To concentrate upon Clarendon's 'Great Rebellion' or Miss Wedgwood's 'Civil War' is to miss the essential problem. The outbreak of war itself is relatively easy to explain; what is hard is to puzzle out why most of the established institutions of State and Church - Crown, Court, central administration, army and episcopacy - collapsed so ignominiously two years before.Stone thus sets himself a difficult task. To unpick the complex and intertwined events and changes that ultimately led to Charles' be executed and a Republic being declared. The first chapter of this book then is a sociological study of what a revolution is. Stone manages to make this an abstract discussion that is only of academic interest. It's worth noting that Norah Carlin in her similarly titled The Causes of the English Civil War points out that
One problem with all such theories... is that they depend on relatively simple generalisations... Few 17th century specialists would now accept [as Stone does]... that the people who led the English revolution could be described, along with eighteenth-century Jacobins and twentieth-century Maoists, as 'fanatics, extremists, zealots... prepared to smash through the normal constraints of habit, custom and convention'.Stone is on firmer and more interesting ground when he looks at the social changes and economic developments that led to the Revolution. He puts a great deal of emphasis on the numerical growth of the gentry and their consequent increased influence, as well as the decline of the aristocracy. This was crucially of importance in the Houses of Parliament, which grew from 300-500 MPs, as the gentry component increased from 50 to 75 percent over the period.

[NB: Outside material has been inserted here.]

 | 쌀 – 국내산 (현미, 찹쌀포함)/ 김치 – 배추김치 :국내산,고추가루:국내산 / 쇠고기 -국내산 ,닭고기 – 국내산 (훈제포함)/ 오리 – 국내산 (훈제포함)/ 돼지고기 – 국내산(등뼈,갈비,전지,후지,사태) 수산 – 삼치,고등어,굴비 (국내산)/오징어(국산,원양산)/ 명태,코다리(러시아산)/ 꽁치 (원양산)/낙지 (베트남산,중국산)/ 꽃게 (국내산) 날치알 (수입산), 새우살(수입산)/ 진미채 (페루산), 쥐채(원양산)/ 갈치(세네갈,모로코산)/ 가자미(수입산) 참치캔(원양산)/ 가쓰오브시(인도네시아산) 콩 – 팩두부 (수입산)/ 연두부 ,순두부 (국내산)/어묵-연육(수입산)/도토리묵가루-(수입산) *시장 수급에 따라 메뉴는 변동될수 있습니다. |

While emphasising these changing economic circumstances, Stone doesn't ignore other factors, such as the associated growth of education and literacy which meant that taught "the electorate of yeomen, freeholders and shop-keepers" to read. Though, in a reversion to sociology, he suggests that this was important because a "rapid increase in the proportion of the population receiving primary education" is one of the factors likely to lead to revolution. A thoroughly mechanical understanding of revolution in my opinion. That said, Stone is right to link this to the way that the Puritans and more radical movements during the course of the Revolution helped develop and sustain their movements through the production of pamphlets. This is, he argues, a necessary "cause for the peculiar and ultimately radical course the revolution took".

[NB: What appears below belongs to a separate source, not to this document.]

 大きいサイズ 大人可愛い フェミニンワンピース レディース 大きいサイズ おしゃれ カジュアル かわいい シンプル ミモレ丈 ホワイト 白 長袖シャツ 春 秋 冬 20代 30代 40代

Ultimately what causes the Revolution for Stone is that "new social forces were emerging, new political relationships were forming and new intellectual currents were flowing, but neither the secular government nor the Church was demonstrating an ability to adapt to new circumstances." The words he uses to describe English society in the 1620s is "disequilibrium" and "dysfunction". Wider changes were undermining the basis for the old order and encouraging the development of new forces that could surmount it. There is a sense in Stone's book of society no longer working. Perhaps it's better to see it as a world were things can no longer continue in the old ways, and change has to come, or the old order will reassert itself. As the Civil War developed, those forces who desired change became stronger and more confident and the king's resistance forced their hand. The world was fundamentally changed.